Все еще кипя, он снова поклонился учтиво, но весьма натянуто.
– Я в отчаянии, что мне приходится противоречить сеньору, но ни за что на свете я не позволил бы этим вашим друзьям упустить такое событие. Их отсутствие серьезно нарушило бы всю процедуру!
Стриж разразился жутким, злорадным каркающим смехом, и его дыхание обдало меня смрадом:
– И ты еще именуешь себя тем, кто сильнее Невидимых, да? А сам не можешь даже выбросить из этого пустого разума его друзей! Встречал я таких, как ты, и прежде: пауков на потолке! Никто из людей не может повелевать Невидимыми!
Дон Педро еще раз отвесил низкий поклон, и, когда выпрямился, его лицо было ясным и собранным, как прежде.
– Я склоняюсь перед коллегой – обладателем редких, выдающихся качеств. Мне искренне жаль, что он должен будет разделить судьбу тех, кто стоит гораздо ниже его. Но что касается Невидимых, смею заметить, что прошло уже много лет как я перестал быть всего лишь человеком.
Стриж издал булькающий звук и сплюнул:
– Это весьма распространенное заблуждение, а лекарство от него действует быстро и фатально! Кто ты, как не мелкий Калигула, познавший лишь самые азы колдовства? Наслаждайся своими маниакальными идеями, пока в силах, человек: Невидимые просто насмехаются над тобой, а потом освободят тебя от твоей мании! Да и от всего прочего тоже!
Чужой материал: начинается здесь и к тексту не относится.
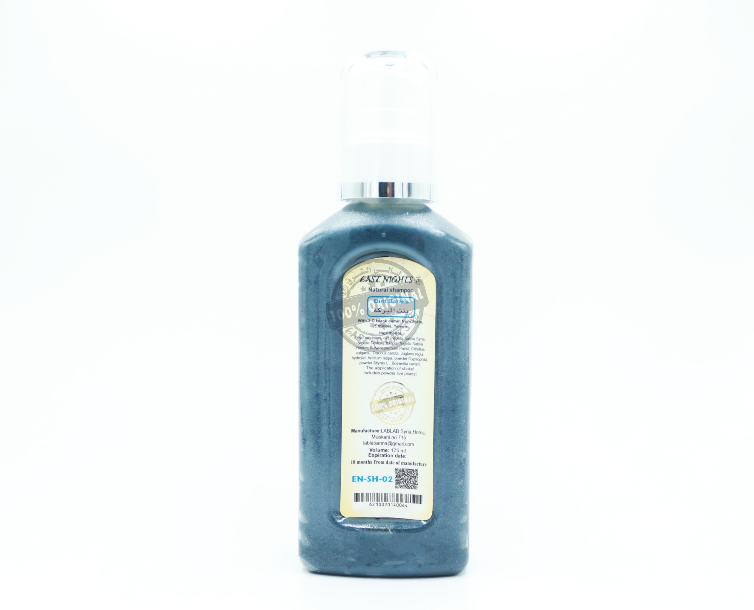 Национальное сирийское производство EAST NIGHTS ® ПРИРОДНАЯ ИНДИВИДУАЛЬНАЯ ТЕРАПИЯ И ПРОФИЛАКТИКА НАТУРАЛЬНЫЙ ВОССТАНАВЛИВАЮЩИЙ ШАМПУНЬ BINT BARAKA «Дочь Благословения» © С ЧЕРНЫМ ТМИНОМ ИЗ СИРИИ, ЭФИОПИИ, ЙЕМЕНА Черный тмин регионов Кесаб (Сирия), Аскори (Эфиопия), Баадан (Йемен) ___________________________________________ Natural revitalizing shampoo with Black cumin from Syria, Ethiopia, Yemen EN-SH-02 Каждый сорт черного тмина имеет свои особенности и характеристики, так как они имеют разный природный химический состав. Производство East Nights, соединив уникальные свойства тмина из трех регионов в одном флаконе, выпустило не просто органический шампунь, но целебное средство для кожи головы и луковиц волос. Натуральный восстанавливающий шампунь Bint Baraka «Дочь Благословения» укрепляет волосы и препятствует их выпадению. Восстанавливает структуру волос, повышает густоту волосяного покрова, предотвращает ломкость и рассечение волоса. Еще одной особенностью шампуня с тмином является придание волосам объема. Традиционная оливковая эмульсия, используемая East Nights в качестве основы шампуней и являющаяся важнейшим проводником ценных веществ, помогает усилить терапевтический эффект в разы. Черный тмин (или калинджи, чернушка посевная, сейдана, седана, нигелла, римский кориандр) известен с незапамятных времен как мощнейшее средство от многих болезней. Характерный лечебный запах масла обусловлен содержанием душистого вещества – карвона. Масло черного тмина сирийского используется для лечения кожных заболеваний. Действует направленно при себорее, выпадении волос, при наличии перхоти, дерматитов и дерматозов. Масло черного тмина эфиопского обладает ярко выраженным бактерицидным и антисептическим действием, укрепляет иммунную систему. Ухаживает за кожей головы при аллергических дерматитах, себорее и выпадении волос. Масло черного тмина йеменского оказывает рассасывающее, тонизирующее, регенерирующее действие. Глубоко очищает кожу головы, предотвращает выпадение волос, лечит себорею. Ценный растительный состав шампуня нормализует секрецию сальных желез и предотвращает быстрое загрязнение волос. Такой эффект особенно полезен для оздоровления кожи жирного типа. Пудра белого мыльного корня применяется для пенообразования вместо промышленных ПАВ. Белый мыльный корень качима метельчатого (гипсофилы) прекрасно очищает волосы от загрязнений и дарит им легкость и объем. Консервация и загущение состава осуществляется посредством смол. Природная смола стиракса исцеляет ослабленные и ломкие волосы, укрепляет их, эффективно борется с выпадением. Способствует естественной консервации и сохранению всех лечебных свойств шампуня. Смола ладана оманского обладает антисептическим действием. Укрепляет волосы, борется с их выпадением. Улучшает состояние кожи головы, устраняет перхоть и зуд, делает волосы шелковистыми и послушными. Натуральный восстанавливающий шампунь Bint Baraka «Дочь Благословения» с черным тмином производства East Nights не содержит алкоголя, минеральных масел, синтетических и химических компонентов, отдушек, пигментов и консервантов. Продукт изготовлен из живых растений и обеспечивает природный уход за волосами. 100% VEGAN, не тестируется на животных.

– Калигула? – Казалось, темного человека это позабавило. – Едва ли, ибо он был лишь смертным, который вообразил себя богом. В то время как я… – Он снова взглянул на меня. – Сначала, уверяю вас, у меня не было таких мыслей. Я стремился лишь украсить существование, ставшее для меня обременительным, найти… удовлетворение, выходящее за рамки условностей. – Он издал негромкий смешок, как человек, вспоминающий наивные детские мечты. – С капиталом, составленным мне моими подопечными, я приобретал все больше и больше и изобретал изощренные развлечения. Некоторых я умертвил смертью быстрой и болезненной. Других заставил идти по узкой тропе, понемногу ослабляя их связи с жизнью, наблюдая, как они цепляются все крепче за шаткие, обманчивые обрывки, оставшиеся от нее. Из той смерти при жизни, что я им устраивал, я научился извлекать новую жизнь, освежавшую меня. Однако и это скоро приелось. Мне необходимо было найти какой-то новый источник. Но тогда у меня еще не хватало смелости и предвидения, чтобы искать Абсолюта. Итак, поскольку мои возможности были еще тогда ограничены, я обратился – как и положено человеку, не так ли? – к людям моего круга…
Валет улыбнулся.
– Не скажу, чтобы это вовсе не приносило мне удовлетворения. Бедные глупцы! Их жестокость была почти такой же, как моя, однако они творили зверства просто так, без всякой цели. Остров кипел под ними, а они беззаботно кружились в вихре своих маскарадов и прочих забав. На них я наслал чуму, оспу, бесчисленные раздоры и весьма расширил их кладбища. А потом некоторым из них – тем, кто оскорбил меня больше других, и самым красивым женщинам – я устроил кое-какие развлечения моего собственного изобретения. – Он покачал головой с ностальгической снисходительностью. – Говорят, память о некоторых из них все еще хранится в стенах моего старого дома – возможно, вы видели их? Это, разумеется, приносило некоторое удовлетворение. Однако мне казалось, что необходим некий мастерский мазок, чтобы все это обрело завершенность. И я обратился к их рабам. Культ крови и мести – с ритуалами столь чудовищными, что у их участников не оставалось после них ни сдерживающих центров, ни страха, ибо они уже проделали все самое худшее. Я стал как бы богом среди невольников, уже почти одним из Невидимых; и я толкал их к дикости и безжалостному мятежу. Тройная ирония!
Он негромко хихикнул.
– Я, их мучитель, помогал им обрести свободу! Хотя я, разумеется, следил за тем, чтобы последствия были достаточно кровавыми, чтобы они годами не знали покоя. И в том еще большая ирония, что они своим поклонением помогли моим спотыкающимся ногам встать на тропу власти.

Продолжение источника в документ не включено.